Ottawa to limit equalization payments
TheGlobeandMail.com – national – Ottawa to limit equalization payments
October 31, 2008. KEVIN CARMICHAEL AND KAREN HOWLETT
OTTAWA, TORONTO — Finance Minister Jim Flaherty, facing Canada’s first budget deficit in more than a decade, said he will limit the growth of equalization payments to the poorer provinces.
Speaking to reporters after the first meeting of Stephen Harper’s new cabinet yesterday, Mr. Flaherty said the equalization program, which redistributed $13.6-billion in the current fiscal year, is growing at an unsustainable pace of about 15 per cent a year.
He said he would discuss the subject at a meeting with his provincial and territorial counterparts in Toronto on Monday. While he might be willing to negotiate how tightly to pull the reins, the federal minister made clear his mind is made up on the need to constrain future equalization payments.
“It’s a federal program; we will put a limit on the growth of it,” Mr. Flaherty said. “This is not something that is discretionary. We must do this, otherwise the integrity of the program will be under attack.”

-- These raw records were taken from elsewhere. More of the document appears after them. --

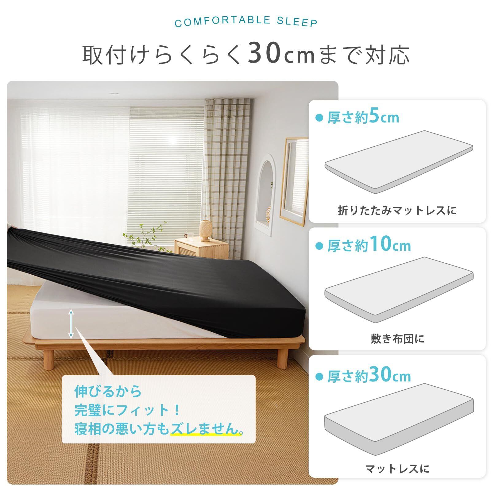 【マチ30cm·ボックスタイプ】だた30秒で着脱可能!Valleinボックスシーツ全周囲ゴムを裁縫されており、普通の20cmよりマチ部分は30CMに伸ばして、30cmほど厚いマットレスでも四角が簡単でぴったり包まれ、ラクラク着脱できます。また、ゴムバンドに360度巻かれているので、どんなに寝相が悪くてもずれることはなく、マットレスもすっきりと保護してくれます。さらに、ベッド、マットレス、布団など多くの寝具に使用できます。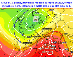 Al settentrione un’interminabile "sfilata" di nubi medio alte (castellani sabbiosi) verranno trasportate dalla propaggine più occidentale della corrente a getto subtropicale, posta a stretto contatto con il secondo, più importante ramo della corrente a getto polare. Proprio le regioni del nord diverranno infatti "terra di conflitto" tra le masse d’aria oceaniche molto fresche ed instabili, contro quelle arroventate ma estremamente stabili portate dall’onda calda africana.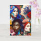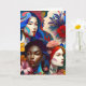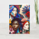 Gran tarjeta de felicitación inspiradora para uso personal o empresarial para promover la igualdad de las mujeres. Un collage abstracto diverso de mujeres y el texto, "IWD" y "Día Internacional de la Mujer". El 8 de marzo es el Día Internacional de la Mujer. El interior de la tarjeta tiene una breve historia sobre el Día Internacional de la Mujer.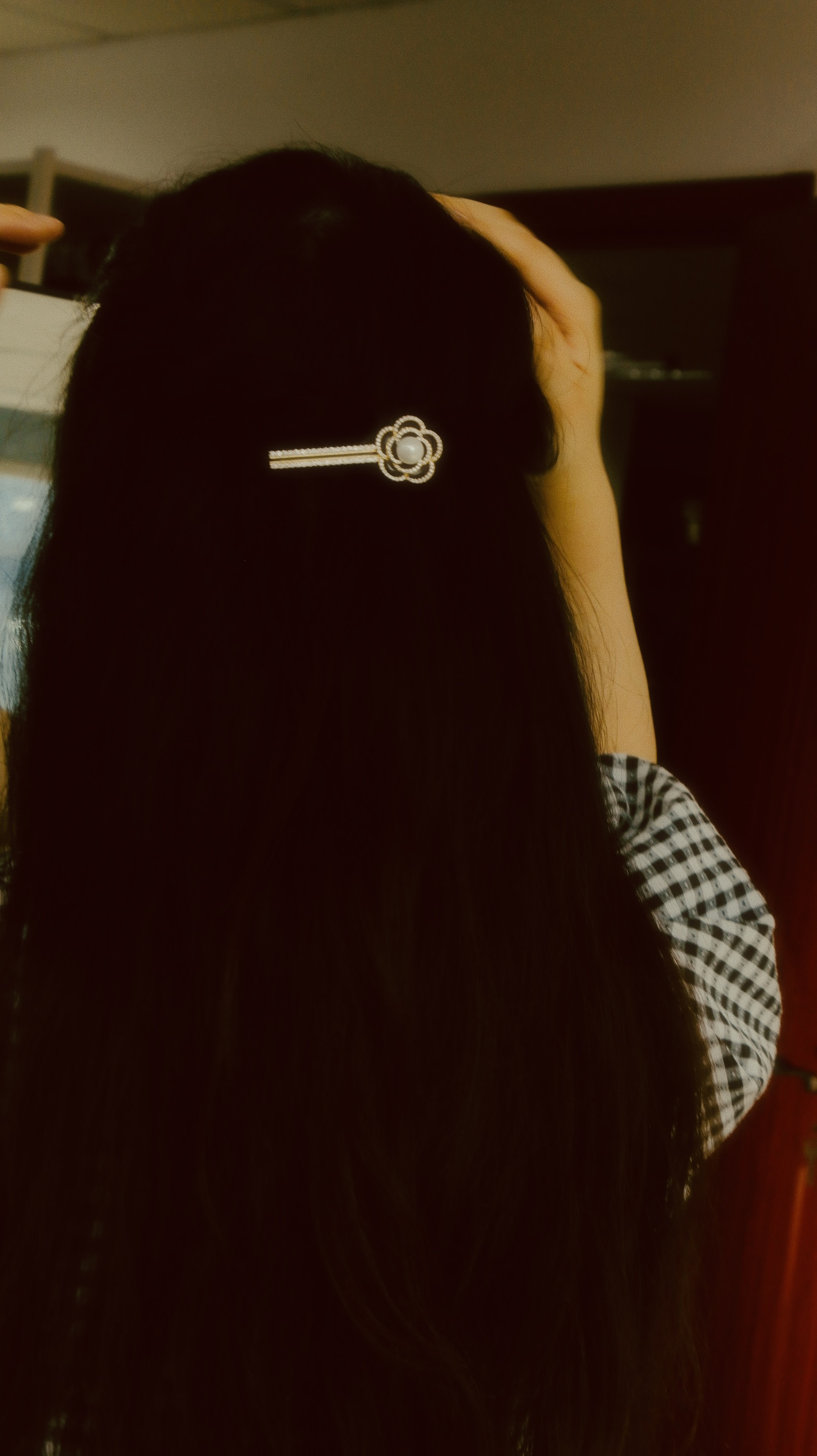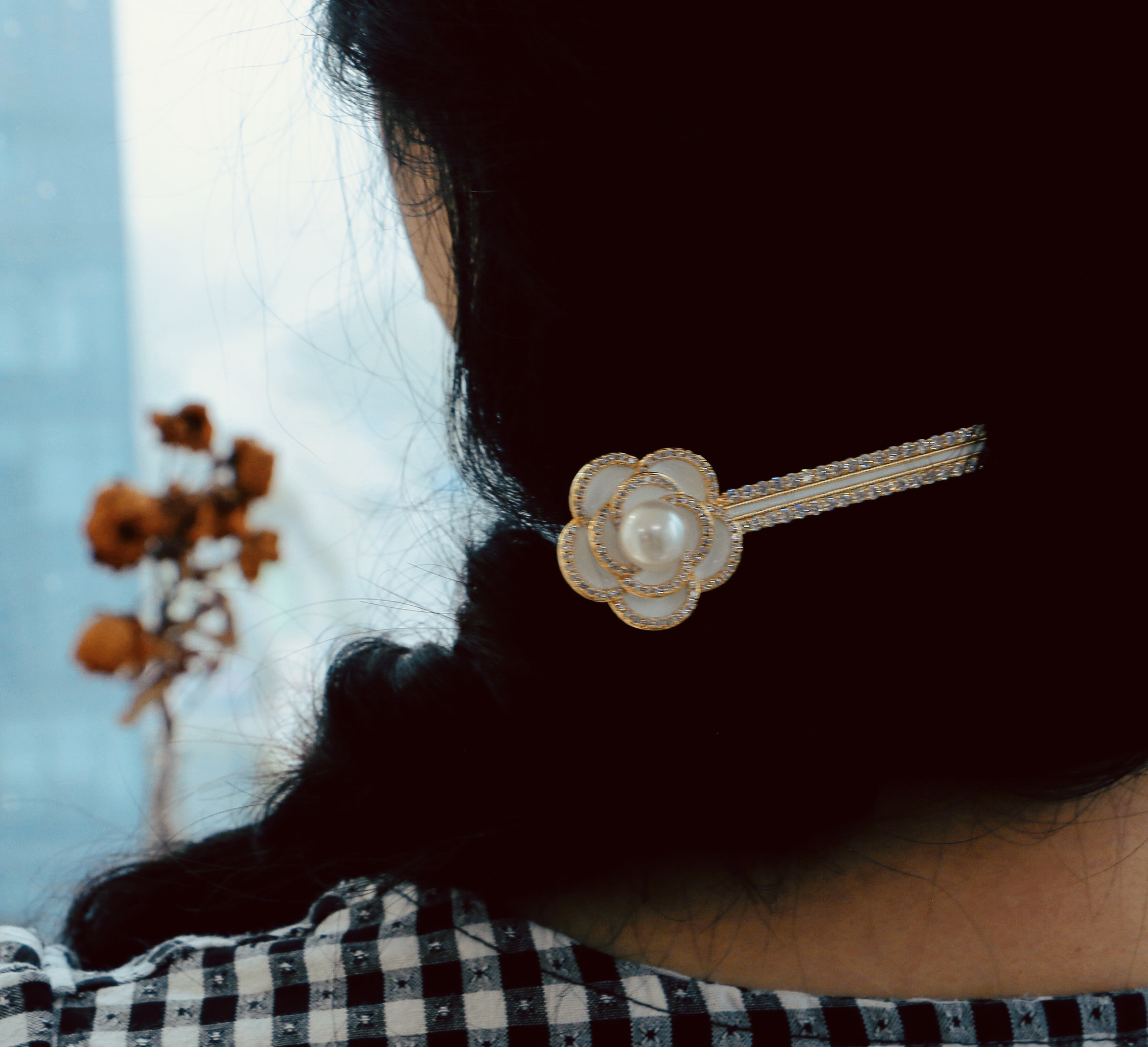 做工很精致的哦,除了发夹,也可以做胸针,夹在衣角,或者夹在帽子上。这个很紧的哦,做工很漂亮,不会掉,我们还用了真的珍珠,这种质感真的是假珍珠无法媲美的。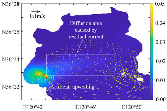 To analyse the diffusion process of upwelling plume in surface water, residual current and tidal current are two major factors. The horizontal distribution of residual current is shown in Figure 7. There are a large residual current circulation and a local circulation at the southwest corner of Aoshan Bay, which are well simulated by numerical simulation. After running artificial upwelling for 10 days in the red circle position, we can see a long tail of artificial upwelling plume, which is marked by the white square in Figure 7. The direction of residual current influence the diffusion direction of upwelling plume, which is northeast. Due to the low velocity of residual current and little volume flow rate of artificial upwelling, the percent of sea surface temperature variation caused by residual current is nearly invisible, which is less than 2% in most part of white square area.

Mr. Flaherty, who on Wednesday stepped away from a pledge never to accept a budget deficit, is risking the Harper government’s uneasy peace with the provinces over the fair allocation of the national wealth.
The federal government’s desire to restrain spending reflects the dramatic change in the country’s economic prospects since the equalization program was overhauled in 2007. At the time, federal officials foresaw economic growth of 2.9 per cent this year.
Now, as a result of this year’s turmoil in the financial markets, which plunged the U.S. into recession, most economists predict Canada’s economy will grow less than 1 per cent in 2008.
A slowdown of that magnitude will squeeze tax revenue, all but assuring a budget deficit in the fiscal year ending March 31, 2010, and threatening Mr. Flaherty’s assurance that he will record a surplus in the current fiscal year.
The 51-year-old equalization program seeks to redistribute wealth from the richer provinces to the poorer ones. In the current fiscal year, six provinces received payments. British Columbia, Alberta, Saskatchewan and Ontario did not.
Mr. Flaherty didn’t elaborate on how he would seek to constrain the growth of the equalization payments.